Moxifloxacin should be infused IV over 1 hour; rapid IV infusion of the drug should be avoided. Because only limited data are available on the physical and/or chemical compatibility of moxifloxacin and other drugs, moxifloxacin should not be admixed with other drugs or infused simultaneously through the same tubing with other drugs. Moxifloxacin IV solutions should be inspected visually for particulate matter prior to administration and should be discarded if visible particles are evident.

General Dosage

Dosage of moxifloxacin hydrochloride is expressed in terms of moxifloxacin. Dosage of oral and IV moxifloxacin is identical. When IV moxifloxacin therapy is used initially, therapy may be changed to oral moxifloxacin (when appropriate) using the same dosage to complete therapy.

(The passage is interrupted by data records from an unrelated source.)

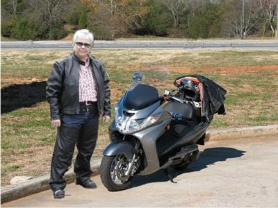 Actually I ride a "maxi scooter." She's an '06 Burgman 400 named "Lil' Windy" that I purchased new. I had originally intended to purchase a Suzuki Boulevard but the local Suzuki dealer thought I might like the scooter (I wanted to tour but have s spinal fusion making long rides in the saddle a bit of a nightmare). I told him to have it gassed up and sitting out front when I came to sign the paperwork on the Boulevard and I'd give it a test ride, not thinking that he'd let me test ride a new bike (I never rode the Boulevard). Needless to say, I fell in love with this scooter and the rest is history. I have added Kuryakan grips and a "bikers friend" bag when I'm on long rides. There is plenty of storage on-board, the ride is smooth and very comfortable, and she has plenty of power to haul this little heavy-weight around the Southern Appalachians.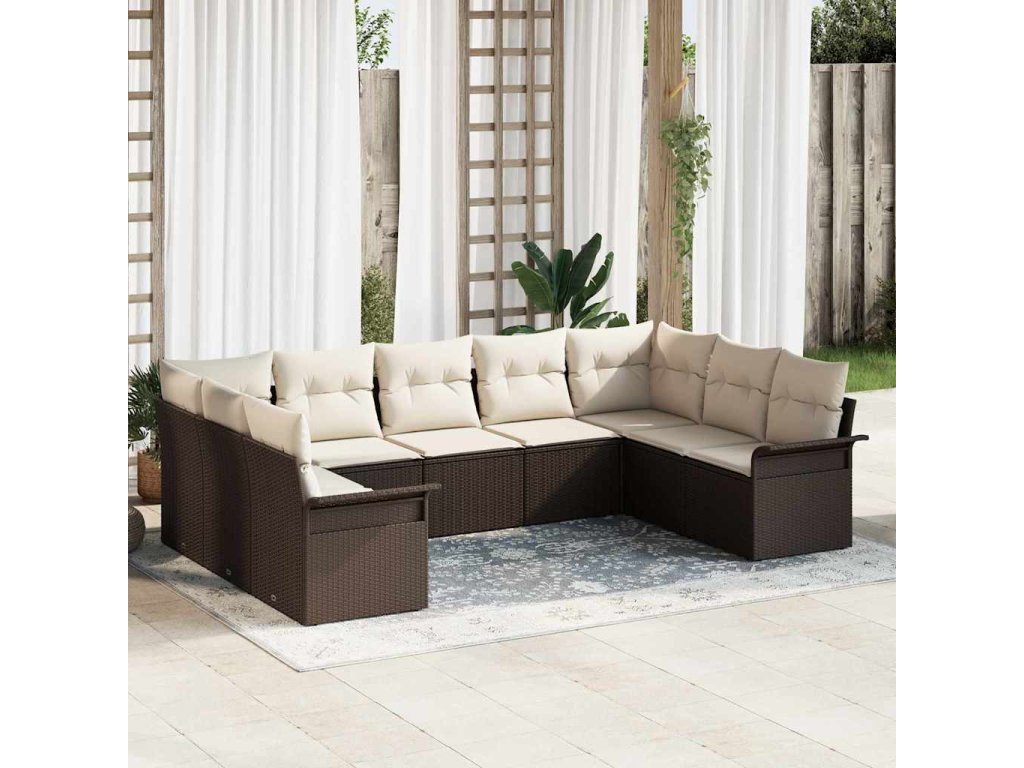 Sada zahradních pohovek s úložištěm 9 pcs Hnědá polyratan 3354187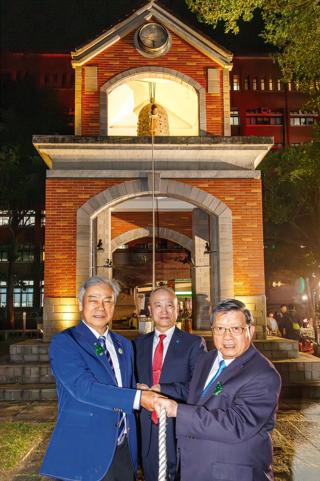 陳慶和校長、粘舜權理事長與葉寅夫董事長一同敲響象徵祝福與希望的和平鐘
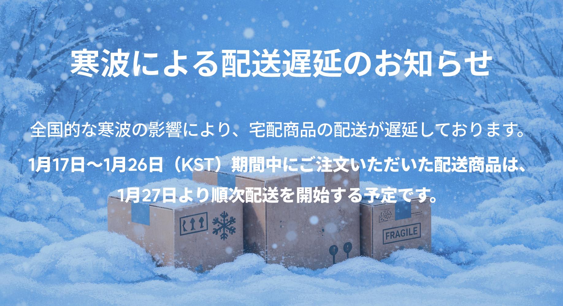 - • 配送は、支払い及び配送情報の入力完了日から営業日基準で平均3-5日以内に完了されます。(週末、祝日除く)注文量が多い場合、時間がもう少し掛かる場合があります。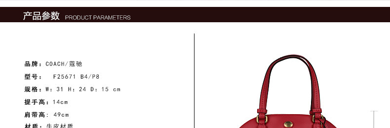![]() | 商品名稱 | 美國現貨 蔻馳COACH 女士紅色真皮手提單肩貝殼包 F25671 B4/P8 | ||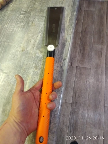 Прям как настоящая Риёба. Пилит не хуже тещи. Ручка обрезиненная, в руке не скользит. Полотно не люфтит. Заточка на каждом зубе одинаковая, очень ровная. на глаз идеальная.

The timing of the change from IV to oral therapy should be individualized, taking into account the clinical status of the patient.

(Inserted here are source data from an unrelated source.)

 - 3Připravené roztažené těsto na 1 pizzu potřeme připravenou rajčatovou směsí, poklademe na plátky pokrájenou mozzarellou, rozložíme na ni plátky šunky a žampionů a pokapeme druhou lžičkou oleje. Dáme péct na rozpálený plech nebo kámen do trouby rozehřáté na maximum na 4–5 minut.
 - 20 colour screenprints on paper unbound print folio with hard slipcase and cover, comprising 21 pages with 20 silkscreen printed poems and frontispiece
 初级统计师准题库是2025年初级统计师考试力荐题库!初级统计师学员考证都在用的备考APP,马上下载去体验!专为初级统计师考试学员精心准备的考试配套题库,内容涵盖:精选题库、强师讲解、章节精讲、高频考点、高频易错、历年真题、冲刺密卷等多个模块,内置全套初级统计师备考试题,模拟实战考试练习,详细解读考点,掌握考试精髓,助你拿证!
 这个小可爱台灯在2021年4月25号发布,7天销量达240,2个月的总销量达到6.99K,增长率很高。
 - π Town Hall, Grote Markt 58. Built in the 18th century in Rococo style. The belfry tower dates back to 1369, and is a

Respiratory Tract Infections

The usual adult dosage of moxifloxacin for the treatment of acute bacterial exacerbations of chronic bronchitis, acute sinusitis, or community-acquired pneumonia is 400 mg once daily. The usual duration of therapy is 5 days for acute bacterial exacerbations of chronic bronchitis, 10 days for acute sinusitis, and 7-14 days for community-acquired pneumonia.

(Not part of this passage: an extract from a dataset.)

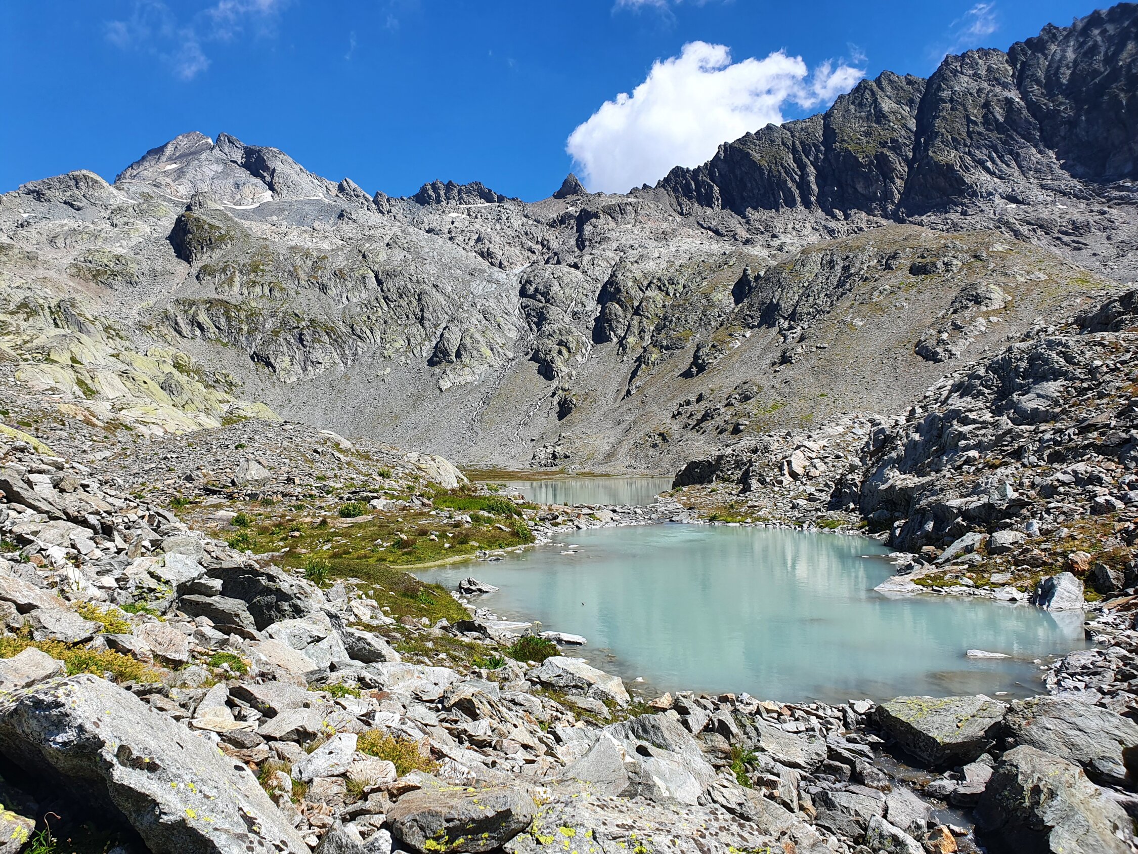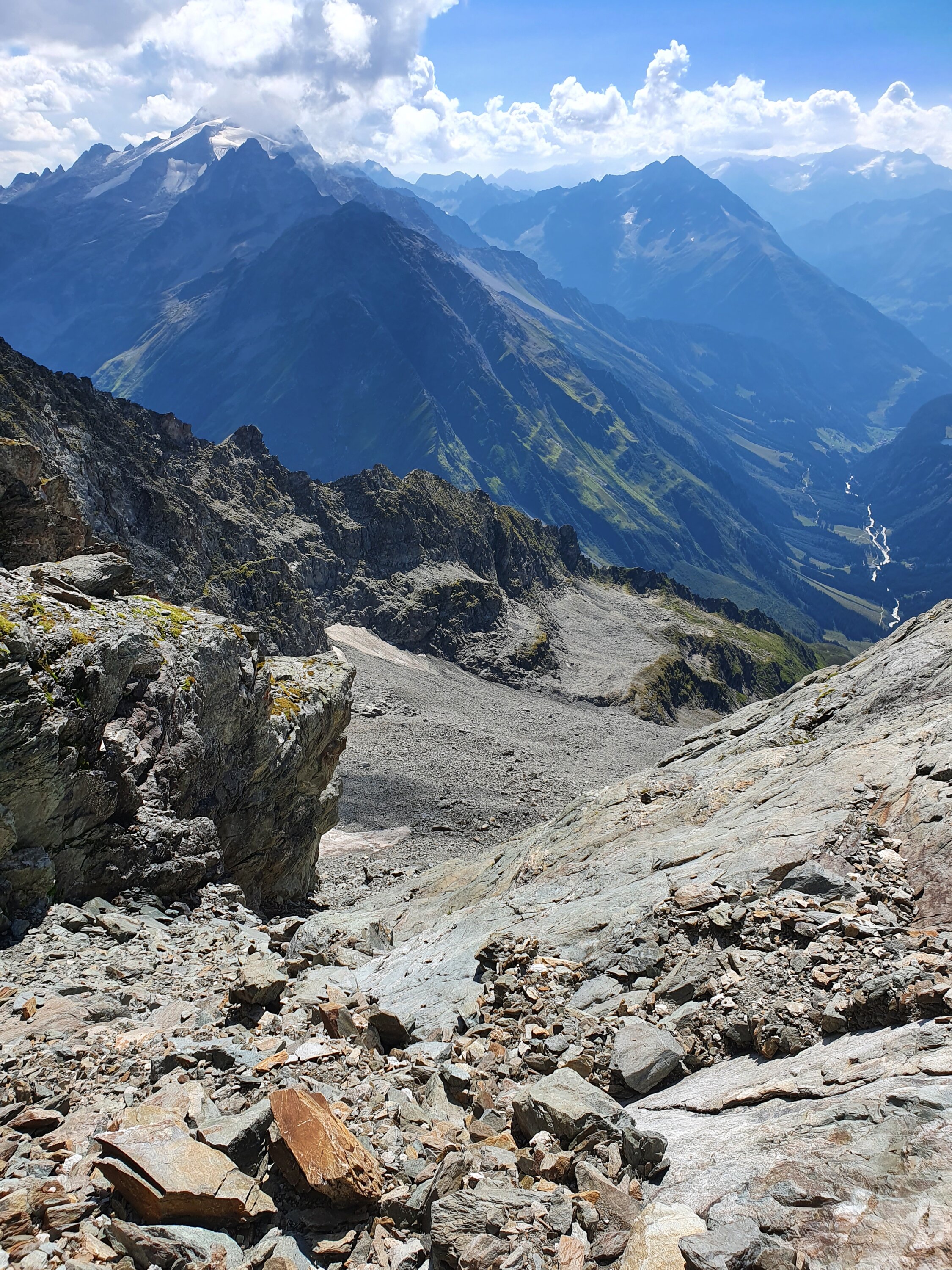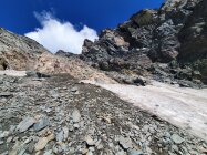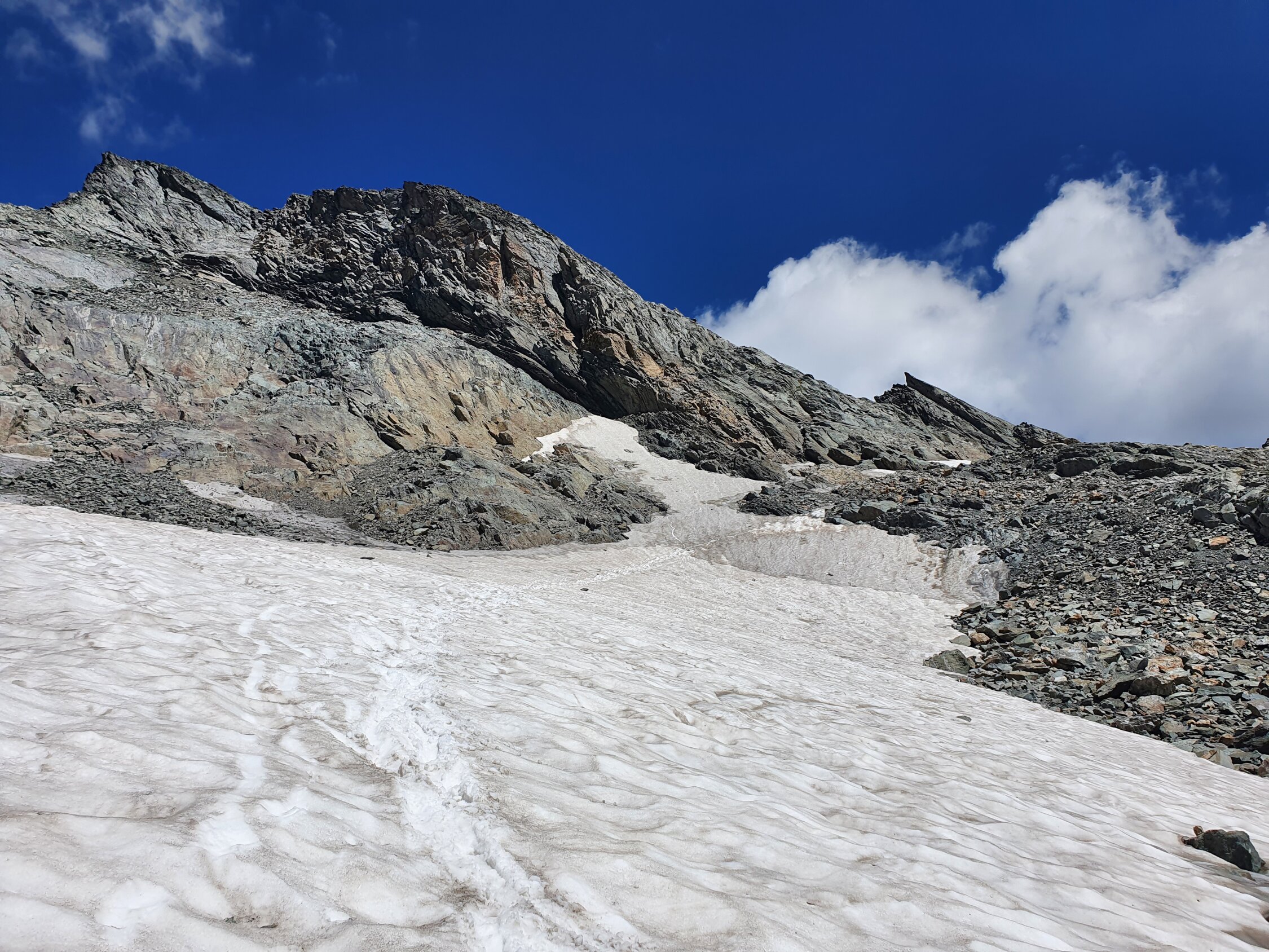 Hinab ging es via Westflanke, der Weg hinab beginnt ziemlich bald auf dem Grat und ist klar erkennbar. Da liegt viel loses Geröll und Gestein, aber die grossen Steine halten trotzdem gut. Hier eher rechts den Aufstiegspfeilen folgen. Ich bin eher in der mitte des Couloirs hinab gegangen und es ging auch gut. Also am Schluss muss man so oder so durch das Couloir durch. Auch hier sind die plattigen Steine eher zu meiden. Ich habe nichts gesehen oder gehört, aber hier entsteht sicher eine gewisse Steinschlaggefahr. Das Couloir kann man aktuell nur über einen ziemlich steilen Schneefeld verlassen (nur 10 Meter breit). Bei warmen Temperaturen ist es ohne Steigeisen und Pickel problemlos möglich, mit Stöcken gut machbar; zum Glück auch, denn ich hatte nur diese dabei. Der Weg ist bei der Westflanke leichter erkennbar als beim Aufstieg im Südgrat. Ab Düssinollen hat es sogar einen ziemlich guten Wanderweg, der bis zur blauen Route, die schnell wieder Hinterbalm erreicht. Ab da wieder hinab zum Blindensee und rennend in 1.15 Std pünktlich zum letzten Bus um 18:57 in Golzern Talstation angekommen.

Treatment of Active Tuberculosis

If oral moxifloxacin is used as an alternative agent in multiple-drug regimens for the treatment of active tuberculosis, the Centers for Disease Control and Prevention (CDC), American Thoracic Society (ATS), and Infectious Diseases Society of America (IDSA) recommend that adults and children 15 years of age or older receive 400 mg daily. These experts state that data are not available to support intermittent regimens of moxifloxacin for the treatment of tuberculosis.

Skin and Skin Structure Infection

For the treatment of uncomplicated skin and skin structure infections, the usual adult dosage of moxifloxacin is 400 mg once daily for 7 days.

Anthrax

If oral moxifloxacin is used as an alternative agent for postexposure prophylaxis following suspected or confirmed exposure to aerosolized anthrax spores (inhalational anthrax) or if oral moxifloxacin is used for the treatment of inhalational anthrax when a parenteral regimen is not available (e.g., when there are supply or logistic problems because large numbers of individuals require treatment in a mass casualty setting), the US Working Group on Civilian Biodefense suggests that adults can receive a dosage of 400 mg once daily.

Because of the possible persistence of anthrax spores in lung tissue following an aerosol exposure, the US Centers for Disease Control and Prevention (CDC) and the Working Group on Civilian Biodefense state that anti-infective therapy for treatment of inhalation anthrax or for postexposure prophylaxis should be continued for 60 days.

Special Populations

No dosage adjustment is necessary for patients with renal impairment receiving moxifloxacin. However, plasma concentrations of the sulfate and glucuronide conjugates of moxifloxacin are increased in such patients, and the clinical implications, if any, of increased exposure to these metabolites have not been studied.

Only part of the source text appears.